What you will do —
Return each line of the listing exactly, though without its images.

Data —
▼

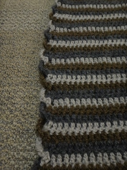 It was like a mini-Christmas! I gave Nate his early Christmas present, a hand-made blanket from a Loops and Threads yarn label. I've been using it since it was finished, and it's kept me warm fairly well. Now he has it, and I gave it to him knowing it would keep him warm like it kept me warm. That's a comfort of mine. Knowing that something I made is keeping him warm when I can't. That's funny for me to say, because
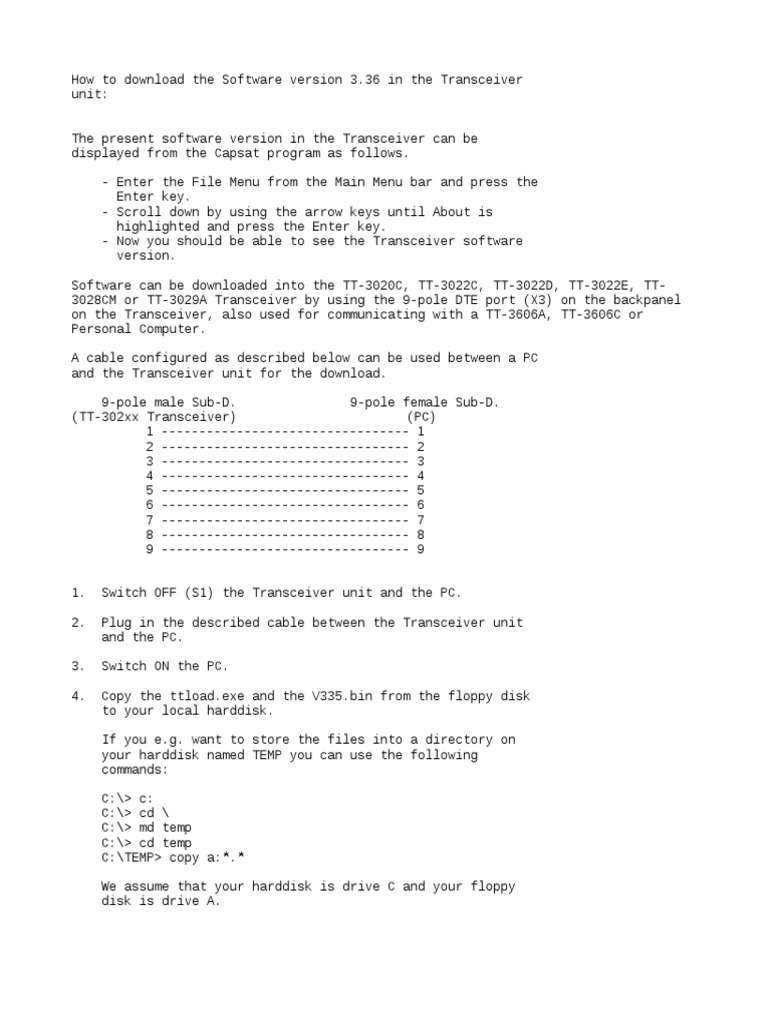 3028CM or TT-3029A Transceiver by using the 9-pole DTE port (X3) on the backpanel
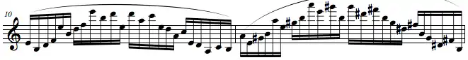 accentuating those notes indicated by additional quaver (eighth note) tails. This serves to emphasize the underlying quartal rhythm to further accentuate the march-like theme of the left-hand.[2] Although this analysis may be sound, the performance of this without the aforementioned implications detracts nothing from the rhythmic undulations of the chromatic scales. Abby Whiteside agreed with this subdivision, calling them "tonal patterns which have to be solved before this Etude is playable."[4] Citing her usual procedures of promoting arm strength, she emphasized two key points exemplified by this étude: "notewise procedure does not further bravura playing" and "finger technique is simply not adequate for brilliance and speed." Her dissertation states that this work is impossible without the aforementioned subdivision, and simultaneously advocates her arm technique.[4]
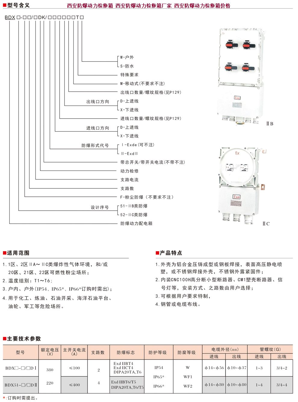 BDX口一口D系列动力检修配电箱 1.适用于1区、2区危险场所。 2.适用于ⅡA、ⅡB、IIC类爆炸性气体环境, 3.适用于爆炸性气体混合温度:T1~T6; 4.广泛用于石油开采、练油、化工、等危险环境及海洋石油平台、油轮等危险场所工作及场景照明之用。 5.注:要求IIC类或户外使用时请注明 | ||||

▲

Response to this exercise —
 It was like a mini-Christmas! I gave Nate his early Christmas present, a hand-made blanket from a Loops and Threads yarn label. I've been using it since it was finished, and it's kept me warm fairly well. Now he has it, and I gave it to him knowing it would keep him warm like it kept me warm. That's a comfort of mine. Knowing that something I made is keeping him warm when I can't. That's funny for me to say, because
 3028CM or TT-3029A Transceiver by using the 9-pole DTE port (X3) on the backpanel
 accentuating those notes indicated by additional quaver (eighth note) tails. This serves to emphasize the underlying quartal rhythm to further accentuate the march-like theme of the left-hand.[2] Although this analysis may be sound, the performance of this without the aforementioned implications detracts nothing from the rhythmic undulations of the chromatic scales. Abby Whiteside agreed with this subdivision, calling them "tonal patterns which have to be solved before this Etude is playable."[4] Citing her usual procedures of promoting arm strength, she emphasized two key points exemplified by this étude: "notewise procedure does not further bravura playing" and "finger technique is simply not adequate for brilliance and speed." Her dissertation states that this work is impossible without the aforementioned subdivision, and simultaneously advocates her arm technique.[4]
 BDX口一口D系列动力检修配电箱 1.适用于1区、2区危险场所。 2.适用于ⅡA、ⅡB、IIC类爆炸性气体环境, 3.适用于爆炸性气体混合温度:T1~T6; 4.广泛用于石油开采、练油、化工、等危险环境及海洋石油平台、油轮等危险场所工作及场景照明之用。 5.注:要求IIC类或户外使用时请注明 | ||||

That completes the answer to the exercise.